What the principles cover

The principles cover the entire lifecycle of third-party relationships from initial risk assessment and due diligence through to termination. A key message is that firms are fully accountable for their outsourced or third-party services, and they must manage relationships effectively, e.g. through robust controls.

In practical terms, the guidance features expectations around:

  • Strong board governance and oversight of third-party arrangements
  • Comprehensive risk assessments and due diligence ahead of entering into new arrangements
  • Maintenance of up-to-date registers of all third-party service provider arrangements and key nth parties
  •  Management and monitoring of suppliers’ performance and related risks on an ongoing basis (proportionate to the risks and criticality of the arrangement)
  • The use of clear and robust contracts as part of third and nth party risk management
  • Regularly tested and effective business continuity management to ensure the impact of disruption caused by third-party failures is minimised
  • Maintenance of exit plans for planned and unplanned termination of third-party arrangements
The document also sets out the role of supervisors in evaluating third-party risk management, understanding potential systemic risks and promoting coordination and dialogue across sectors and borders where relevant. 

ORX’s feedback on the principles – a good baseline for effective third-party risk management

  • The principles offer a strong foundation for effective third-party risk management (TPRM), while also accommodating other/different regulatory requirements.

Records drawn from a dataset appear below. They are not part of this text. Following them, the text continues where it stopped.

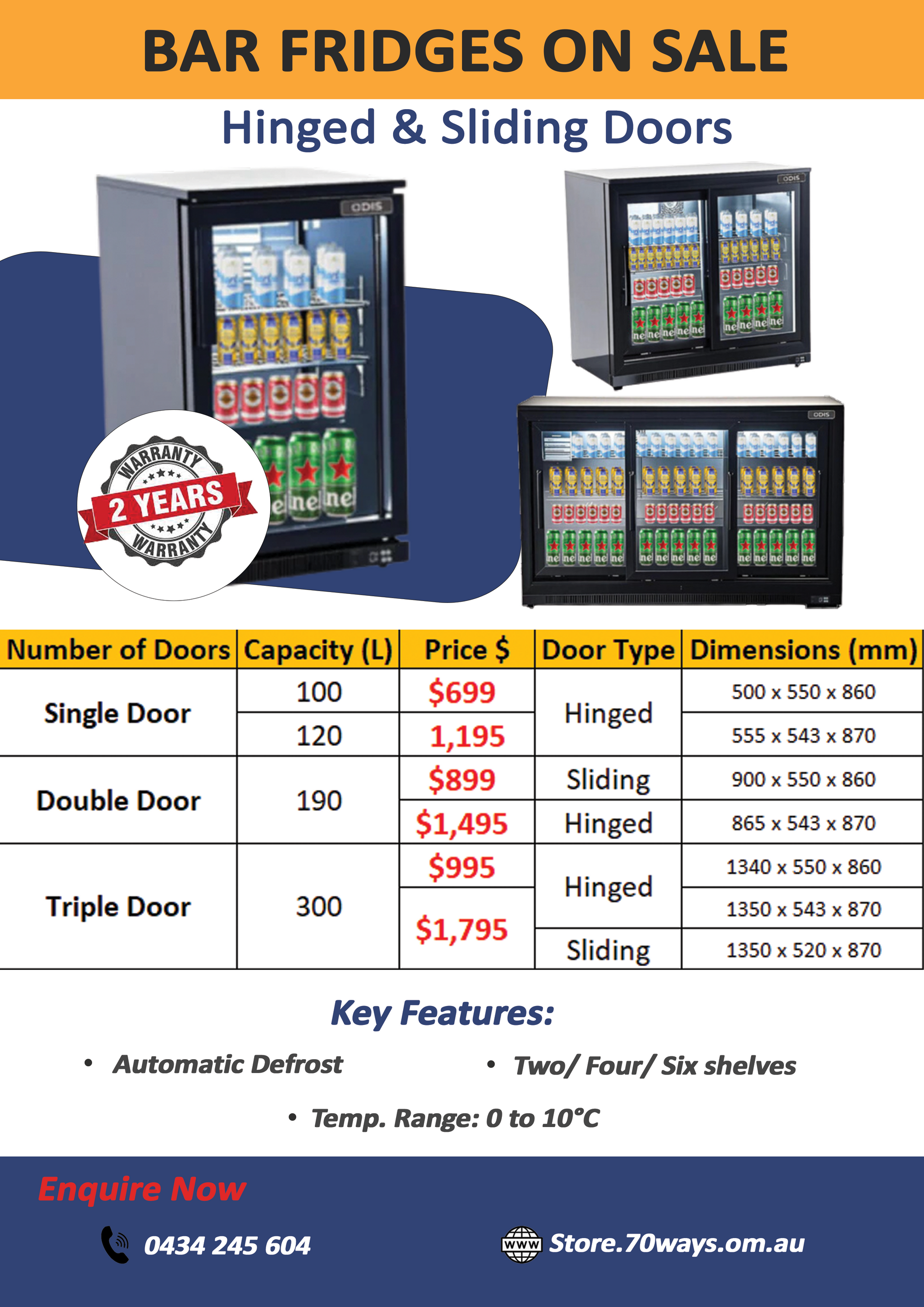 -Door Type: Hinged or Sliding (model-specific)
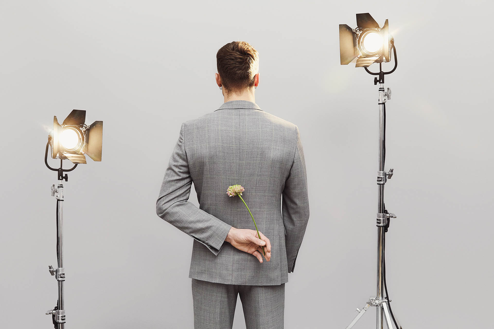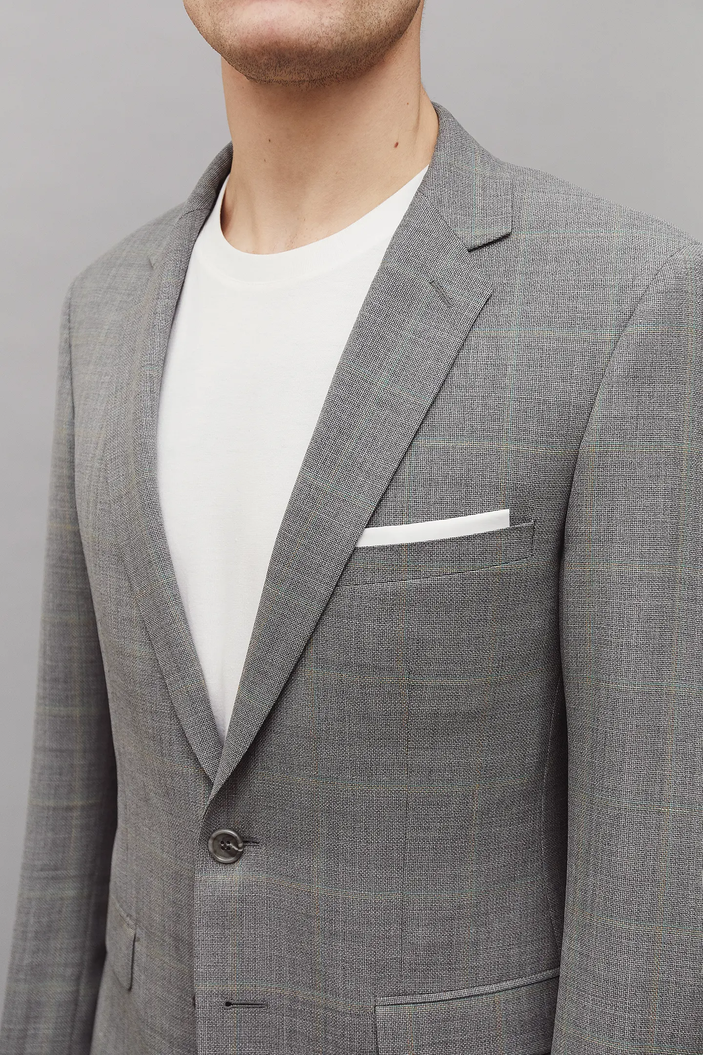 Costume 2 pièces sur mesure avec une veste à col droit, 2 boutons et 2 poches droites à rabats.
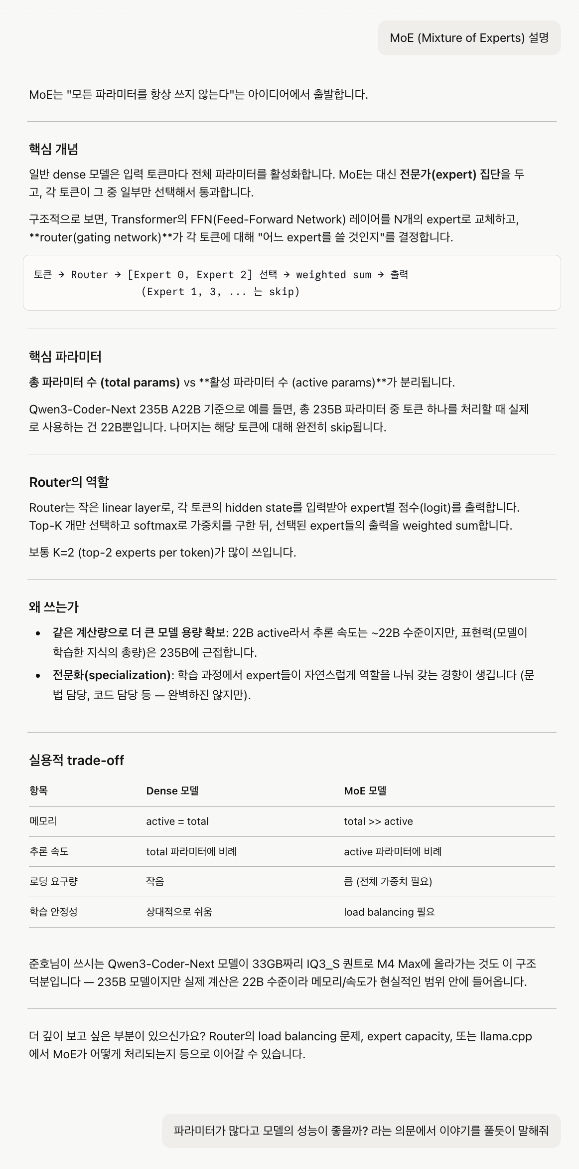 이걸 읽으면 다음 질문이 자동으로 생긴다. "전문가 네트워크가 뭐지?" → 링크를 열고. "라우터는?" → 또 링크를 열고. "토큰 임베딩은?" → 또...
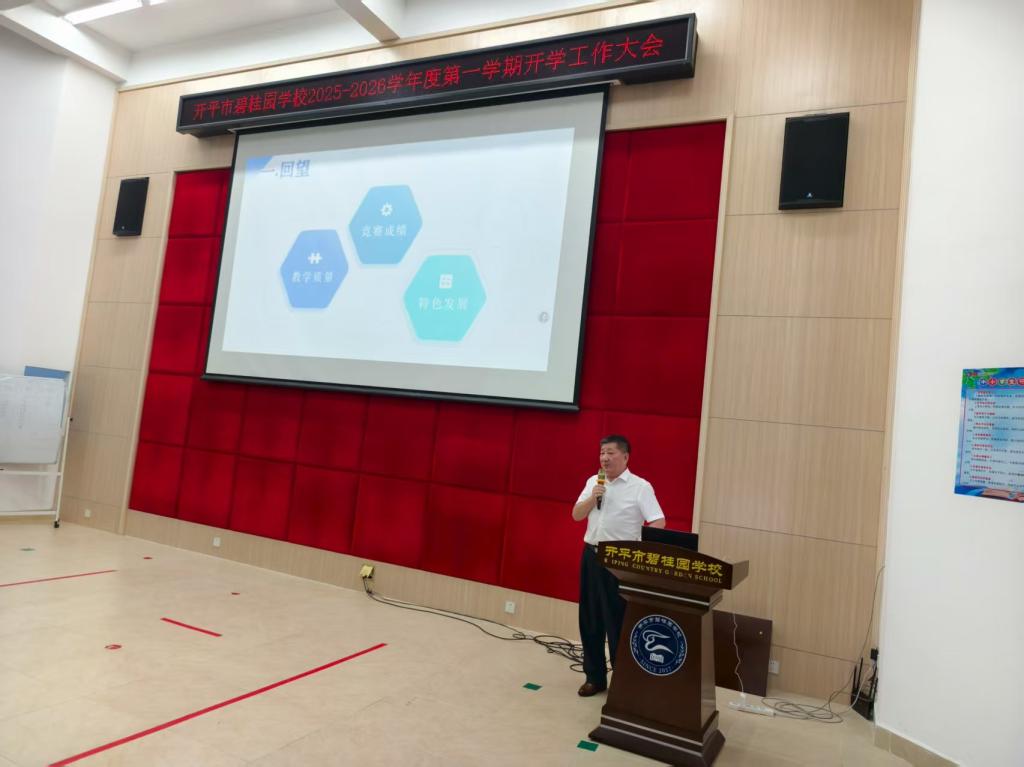 会议上,谭校长以“凝心聚力,赓续辉煌”为主题,回顾了学校在上一阶段取得的各项优异成绩,肯定了所有教职员工的不懈努力。展望新学年,学校聚焦多方面工作:课堂教学上,抓效率、促规范,让学科活动特色化、全面质量化;德育工作借助AI赋能,深化家校共育,重视学生心理健康教育;后勤工作强调纪律与规范,将服务落到实处;打造强劲的教科研团队,以科研助力教学质量的提升。

This is a welcome step toward harmonising expectations across jurisdictions and reducing regulatory fragmentation.
  • The application of the principles is intended to be proportionate to the size, complexity, business model and risk profile of the institution itself as well as the risks and criticality of its third-party service providers. This helps firms prioritise resources and focus their efforts.
  • The guidance provides a clear link to operational resilience, acknowledging that disruptions often originate outside the immediate control of organisations themselves. By embedding resilience into third-party oversight, the principles recognise the close interconnection between third-party and resilience risk, promoting a more aligned approach.
  • The BCBS recognise that third-party oversight requires a multifaceted approach. This may involve the use of questionnaires, testing and audits as well as utilisation of data and tooling for ongoing monitoring.
  • The principles broadly reflect the direction of travel seen in the industry, as covered in our recent Third Party Risk Management practice paper. Current industry priorities around optimising robustness of supplier contracts, addressing concentration risk and managing downstream supply chain risks are all recognised within the principles.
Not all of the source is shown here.